* PROBLEM DESCRIPTION:
Starting at the line that contains "白银市种田乡紫花苜蓿与燕麦混播模式效果初探" and ending at the line that contains "A striking blend", the lines below are to be given again exactly, with nothing added.

* RECORDS SUPPLIED:
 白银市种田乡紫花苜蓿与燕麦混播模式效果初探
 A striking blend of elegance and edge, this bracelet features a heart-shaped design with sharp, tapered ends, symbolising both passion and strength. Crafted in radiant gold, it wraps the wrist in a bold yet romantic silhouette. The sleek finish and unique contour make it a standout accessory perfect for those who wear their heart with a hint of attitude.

---

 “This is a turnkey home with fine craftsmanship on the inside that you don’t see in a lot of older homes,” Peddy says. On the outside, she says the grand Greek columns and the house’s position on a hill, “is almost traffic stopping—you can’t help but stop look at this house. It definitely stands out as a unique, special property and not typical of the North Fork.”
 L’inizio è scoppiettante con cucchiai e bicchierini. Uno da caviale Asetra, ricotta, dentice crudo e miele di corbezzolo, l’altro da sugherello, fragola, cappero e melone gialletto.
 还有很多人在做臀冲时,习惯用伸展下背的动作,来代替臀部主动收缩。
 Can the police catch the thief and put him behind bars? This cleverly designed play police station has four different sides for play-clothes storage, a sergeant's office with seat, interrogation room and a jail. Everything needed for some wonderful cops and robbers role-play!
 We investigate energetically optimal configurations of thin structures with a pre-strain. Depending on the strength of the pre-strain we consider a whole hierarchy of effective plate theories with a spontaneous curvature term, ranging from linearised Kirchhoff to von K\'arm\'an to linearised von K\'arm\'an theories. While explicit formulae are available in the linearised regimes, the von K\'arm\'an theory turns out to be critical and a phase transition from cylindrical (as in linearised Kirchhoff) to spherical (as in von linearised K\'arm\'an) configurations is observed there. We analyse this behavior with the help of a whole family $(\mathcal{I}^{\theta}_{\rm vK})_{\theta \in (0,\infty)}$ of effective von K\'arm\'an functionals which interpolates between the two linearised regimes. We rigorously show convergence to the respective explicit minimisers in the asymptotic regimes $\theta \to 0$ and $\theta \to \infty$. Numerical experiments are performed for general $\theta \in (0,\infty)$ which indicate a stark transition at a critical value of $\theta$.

* EXERCISE RESPONSE:
 白银市种田乡紫花苜蓿与燕麦混播模式效果初探
 A striking blend of elegance and edge, this bracelet features a heart-shaped design with sharp, tapered ends, symbolising both passion and strength. Crafted in radiant gold, it wraps the wrist in a bold yet romantic silhouette. The sleek finish and unique contour make it a standout accessory perfect for those who wear their heart with a hint of attitude.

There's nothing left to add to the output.